Again, according to The XML FAQ,
"... the design and construction of a DTD can be a complex
and non-trivial task, so XML has been designed so it can be used either
with or without a DTD. DTDless operation means
you can invent markup without having to define it formally.
To make this work, a DTDless file in effect 'defines’ its own markup, informally, by the existence and location of elements where you create them. But when an XML application such as a browser encounters a DTDless file, it needs to be able to understand the document structure as it reads it, because it has no DTD to tell it what to expect, so some changes have been made to the rules." Figure 14 |
What does this really mean?
It means that it is possible to create and process an XML document without the requirement for a DTD. A little later, I will discuss this possibility in connection with the term well-formed.
In the meantime...
You don't always have the luxury of avoiding the DTD. In some situations, you may be required to create an XML document that meets specifications that someone else has defined.

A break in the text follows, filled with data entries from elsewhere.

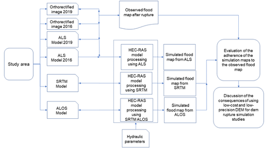 The working methodology is focused on how and under what conditions using different types of digital elevation models influences the delimitation of the flood and what are the impacts that may arise from the choice of each model evaluating if surface models such as those derived from SRTM and ALOS_ASF are suitable for this type of analysis Figure 1 shows an overall view of the main working steps and the interactions of the stages.
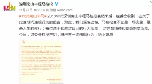 2018年南山半程馬拉松賽在上周日落幕,今年賽事報(bào)名人數(shù)比往年更多,也更火爆,然而這場(chǎng)已經(jīng)結(jié)束的賽事卻熱議不減,因?yàn)椴簧龠x手被發(fā)現(xiàn)在比賽中,出現(xiàn)抄近道、套牌、替跑等違規(guī)行為。
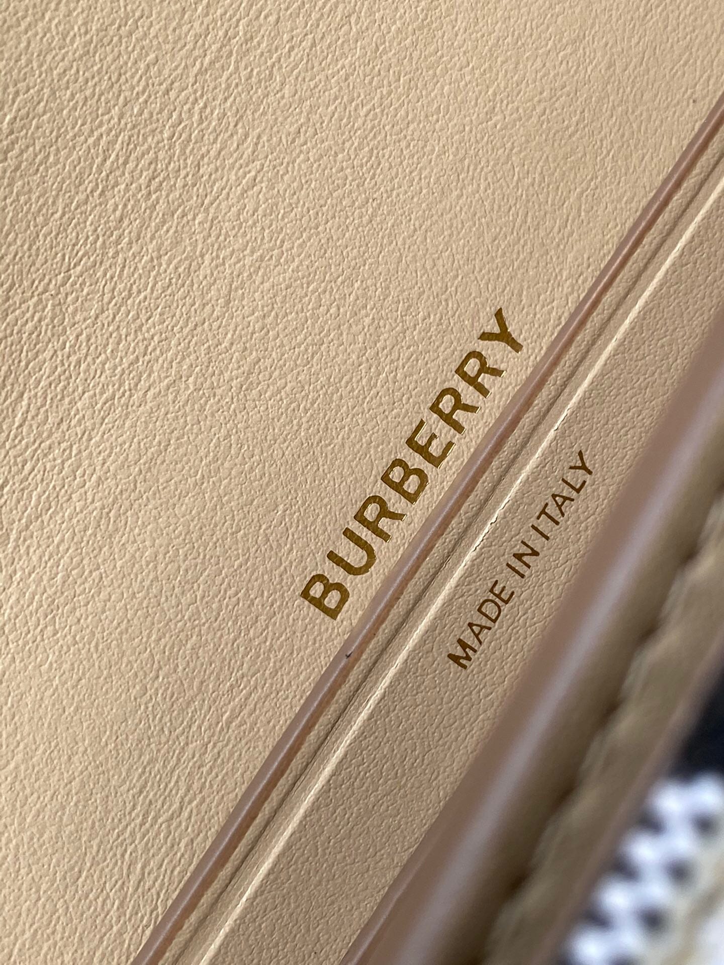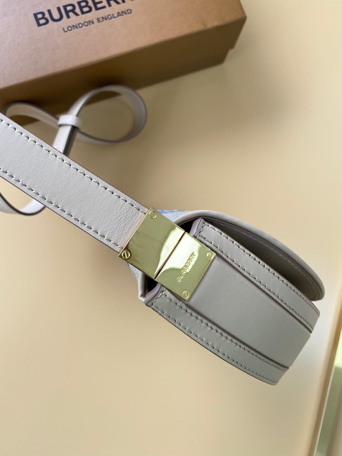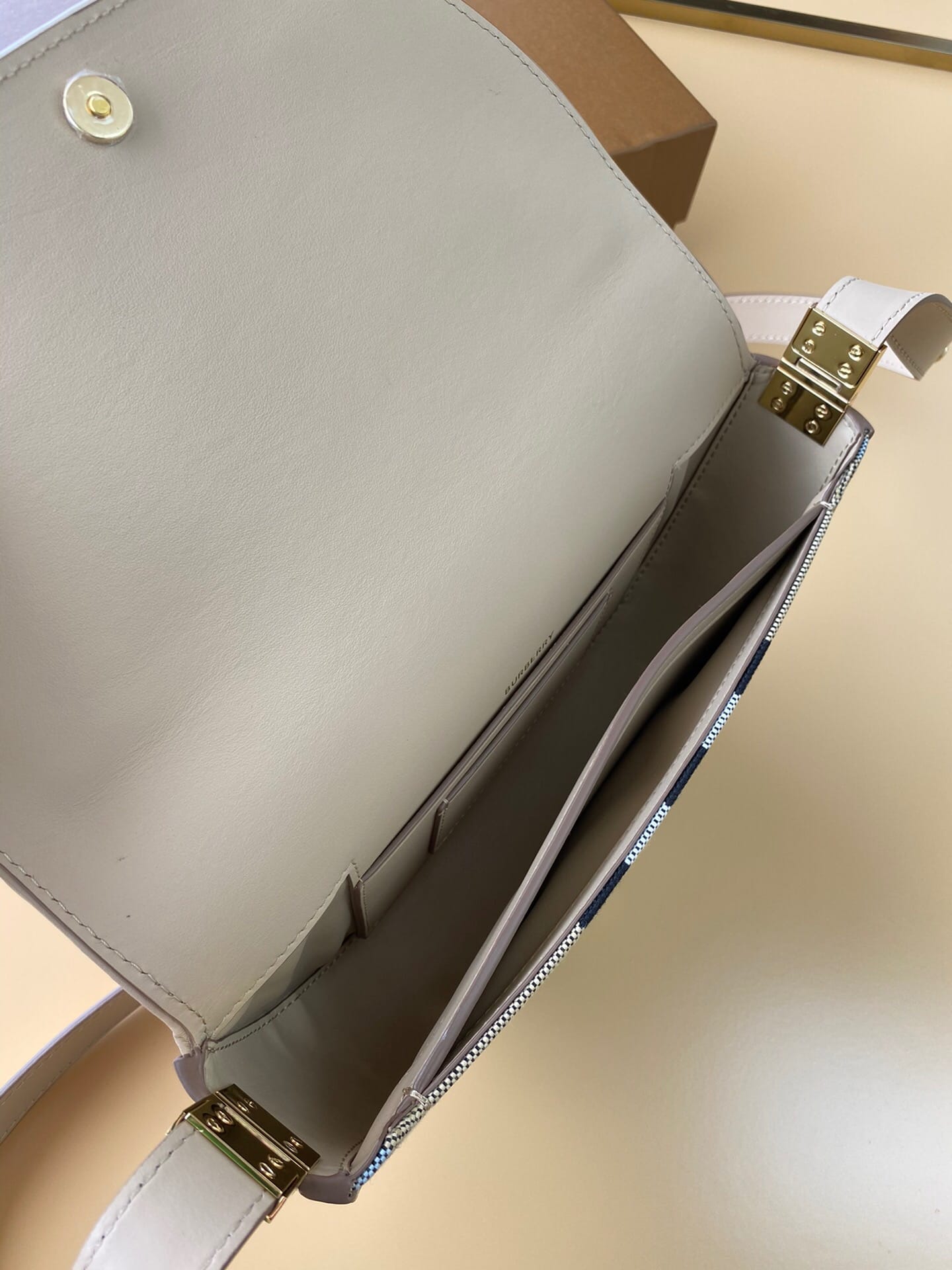 B家版型立挺的「TB 专属标识锁扣包」,精选提花精纺的格纹帆

Hopefully, a DTD will be available
Ideally, in those cases, the person who defined the specifications has also created a DTD and can provide it to you for your use.
A valid document
Here is a new term -- a valid XML document.

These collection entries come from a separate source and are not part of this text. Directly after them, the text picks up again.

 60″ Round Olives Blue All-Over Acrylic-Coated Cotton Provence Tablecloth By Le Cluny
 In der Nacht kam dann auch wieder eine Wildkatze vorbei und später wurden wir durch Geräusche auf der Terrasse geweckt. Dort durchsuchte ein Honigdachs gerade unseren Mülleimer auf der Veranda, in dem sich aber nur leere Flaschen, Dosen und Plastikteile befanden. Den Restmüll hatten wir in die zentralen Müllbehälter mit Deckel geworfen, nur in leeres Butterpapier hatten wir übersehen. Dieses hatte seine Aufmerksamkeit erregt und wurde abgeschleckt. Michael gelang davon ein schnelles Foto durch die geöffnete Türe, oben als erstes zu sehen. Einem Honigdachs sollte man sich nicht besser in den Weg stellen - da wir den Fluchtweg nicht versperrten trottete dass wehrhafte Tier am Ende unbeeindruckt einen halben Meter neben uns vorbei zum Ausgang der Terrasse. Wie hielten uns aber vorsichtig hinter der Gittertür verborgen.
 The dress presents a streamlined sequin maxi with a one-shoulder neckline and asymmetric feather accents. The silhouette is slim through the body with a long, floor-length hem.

In the normal sense of the word, if something is not valid, that usually means that it is not any good. However, that is not the case for XML.
An invalid XML document can be a good XML document
An invalid XML document can be a perfectly good and useful XML document. A very large percentage of useful XML documents are not valid XML documents.

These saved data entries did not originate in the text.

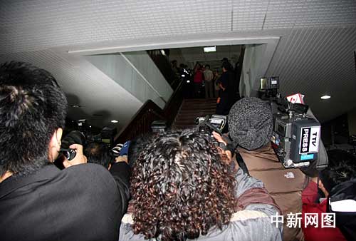 12月29日下午2時,臺北地方法院召開前臺灣地區(qū)領(lǐng)導(dǎo)人陳水扁羈押庭,經(jīng)過長達12多小時的庭訊、評議后,合議庭審判長蔡守訓(xùn)30日2時25分裁定將陳水扁羈押,但不禁見。圖為消息傳出后,臺北地方法院樓上樓下一陣騷動。 (中新社記者 陳立宇/攝)
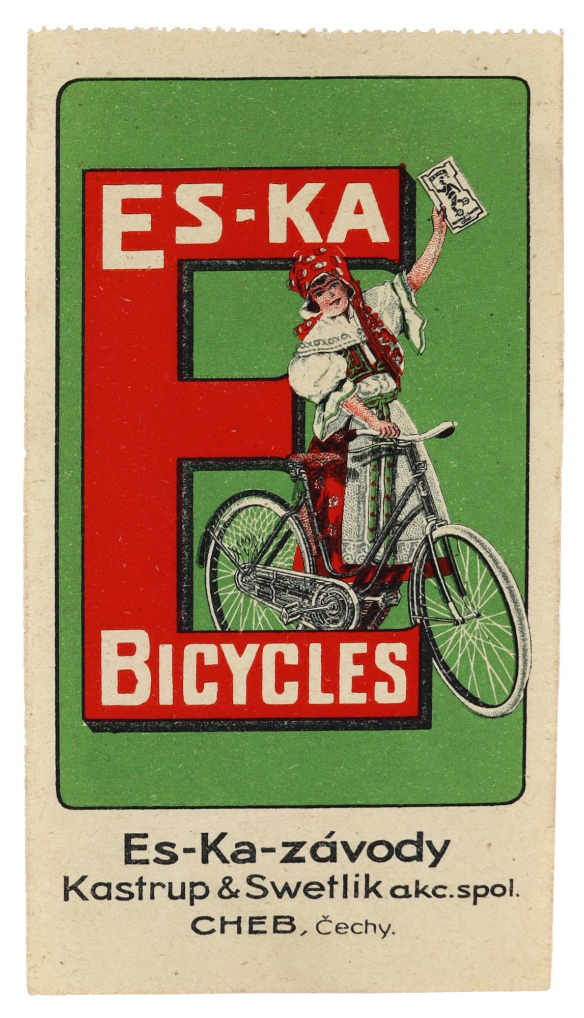 First called Elite, Es-Ka Bicycles was founded in Cheb, Czechoslovakia in 1911 by Ambros Swetlik and Heinrich Kastrup. Located in the far west of the country near the German border, Cheb was the center of a German-speaking region called Egerland. Though Es-Ka established Cheb a hub for bicycle manufacturing in the early twentieth century, the company halted production in 1941 when the city was seized by the German army. Cheb’s population remained overwhelmingly German until the end of World War II, when Czech resistance groups led a nationwide effort to expel ethnic Germans. The female subject of this advertising label wears traditional Czech folk clothing and poses with a low-slung woman’s bike frame.
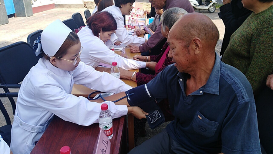 当天,医护人员为村民测血压、查视力、普及健康知识等,让村民不出村门享健康。
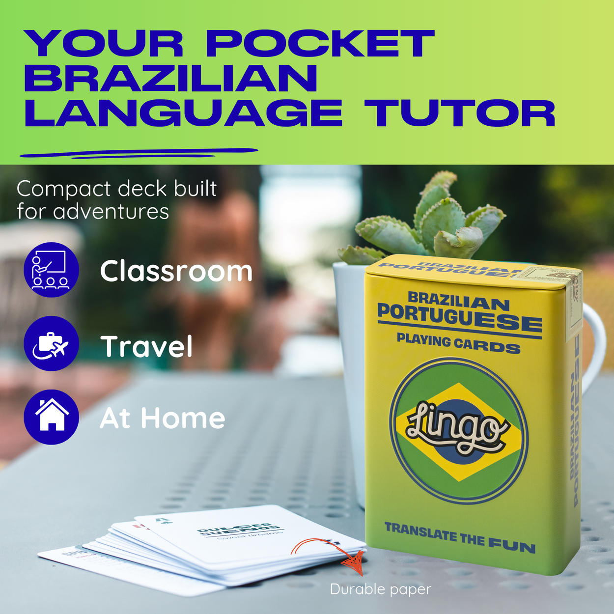 Experience the energy of Brazilian Portuguese with our Brazil Slang edition — your key to connecting with the music, culture, and joyful spirit of Brazil. Learn everyday phrases like “Oi” (Hi) and playful slang heard in the streets of Rio, São Paulo, and Salvador. Whether you’re dancing to samba, celebrating Carnaval, or simply dreaming of sunshine and beach life, this deck helps you speak like a local and feel the rhythm of Brazil from the inside out. Perfect for travellers, language learners, or anyone who loves Brazilian food, music, and passion. Viva o Brasil!

So, what is a valid XML document?
Drum roll please!!! Without further delay, a valid XML document is one that conforms to an existing DTD in every respect.
For example...
Unless the DTD allows an element with the name "color", an XML document containing an element with that name is not valid according to that DTD (but it might be valid according to some other DTD).
Validity is not a requirement of XML
Many very useful XML documents are not valid, simply because they were not constructed according to an existing DTD.
To make a long story short, validation against a DTD can often be very useful, but may not be required.
A well-formed document
Here is another new term -- a well-formed document.
The concept of being well-formed was introduced as a requirement of XML, to deal with the situation where a DTD is not available (an invalid document).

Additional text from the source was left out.